MacAllister’s imagination was galloping. He half expected to find an airlock. Or, as Amy had suggested, fuel lines. But there was nothing unusual. Below them, the sides of the gorge drew gradually together. The moonrider must simply have wedged itself in, applied power, and proceeded to change the asteroid’s course. It just didn’t look possible. The asteroid was immense.
He looked across to the horizon. The asteroid was so small that all directions seemed sharply downhill.
Valya was still looking into the gorge. “How about that?”
“What do you see?” asked Eric.
“Not a thing.”
MacAllister nodded. “The dog in the night.”
Amy grinned. “It didn’t bark,” she said.
“Very good. I didn’t think kids today read Sherlock Holmes.”
“I saw the sim.”
“What are we talking about?” asked Eric.
“There aren’t any marks,” said Amy. “There should be marks if something wedged itself in here and shifted the asteroid onto a new course.”
“Ah,” said Eric. “You’re right. It does look pretty smooth out there.”

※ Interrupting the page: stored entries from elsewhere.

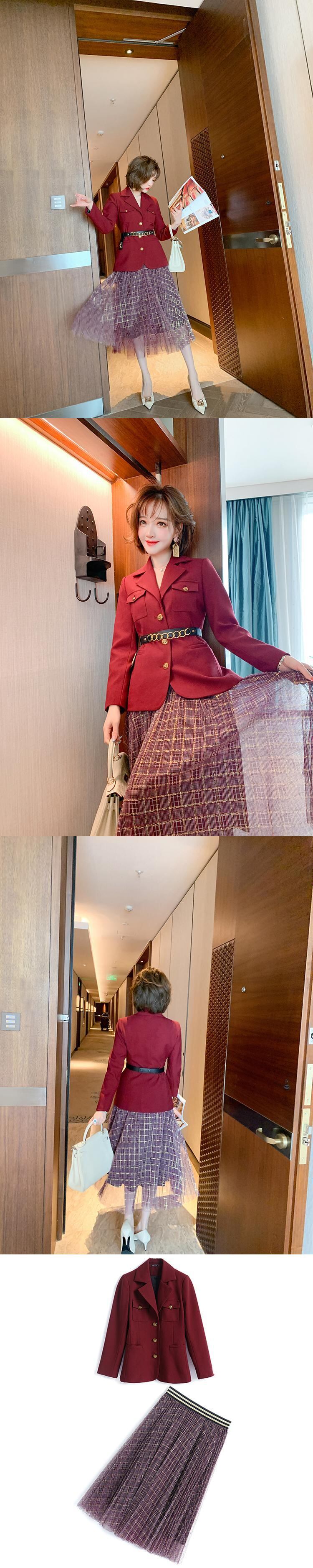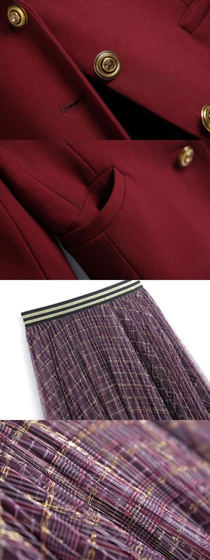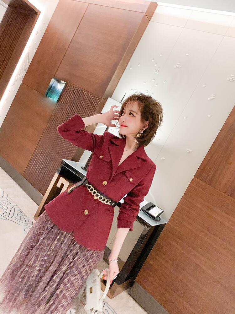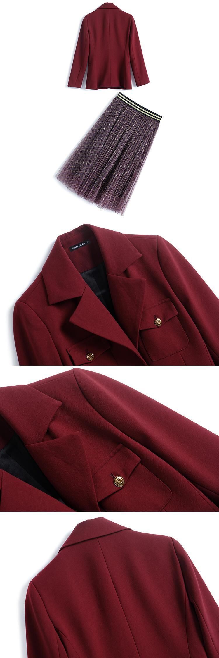 ウェストブレザー メッシュスカート スプリング レッド 刺繍 春物 MIUCO45698004373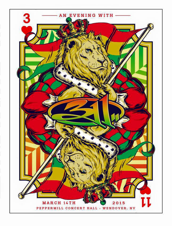 3/14/15 Wendover, NV Posted by311ArchiveMarch 14, 2015August 24, 2024Posted in2015, Ian Williams, NV, Posters Artist: Ian WilliamsShow: Peppermill Concert Hall in Wendover, NV Related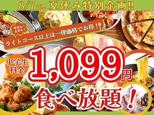 ぜひ今年の夏休みは、ご家族でリーズナブルに!お得に食べ放題をお楽しみください。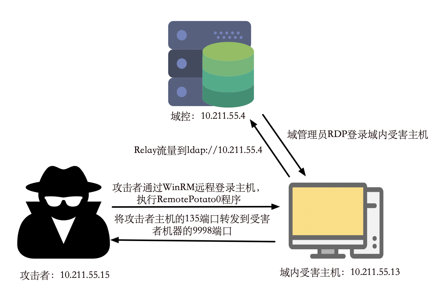 首先,在攻击机上执行如下命令,将本地135端口的流量转发到10.211.55.13的9998端口

“So what do we do now?” asked Amy.
Valya pushed back her red hair with her fingertips. “Damned if I know. I don’t think there’s anything else to be done here. Unless we want to wait around a bit and see whether they come back.”
“Hide-and-seek,” said MacAllister. “We pull out, they show up. Maybe Amy’s right. Maybe they’re delinquents.”
Amy cleared her throat. Looked mock-offended. “I didn’t say that, Mac,” she said.
Valya sat with her head back, eyes closed. “Bill,” she said. “Where’s the asteroid headed?”
“Sunward, Valya.”
“We know that. Go beyond that. Several orbits if you have to.”
“Working.”
“It’s starting to look,” said Eric, “as if we’ll be going back with more questions than answers.”
“It will in time intersect with Terranova.”
Everyone stopped breathing. “When?”
“In seventeen years, five months. On its third orbit.”
“By ‘intersect,’” said MacAllister, “you mean collide?”
“That is correct, Gregory.”
Eric paled. “My God,” he said, “a rock this size — ”
Amy nodded. “Would cause mass extinctions.”
“Makes no sense,” said MacAllister. “There’s nothing down there except the wildlife. Why would anybody want to wipe them out?”
“Maybe they want to terraform the place,” said Amy.
Valya sat up straight. “Whatever they’re about, it looks as if we can assume they’re not friendly. Bill?”
“Yes, Valya?” “I want to talk to Union.”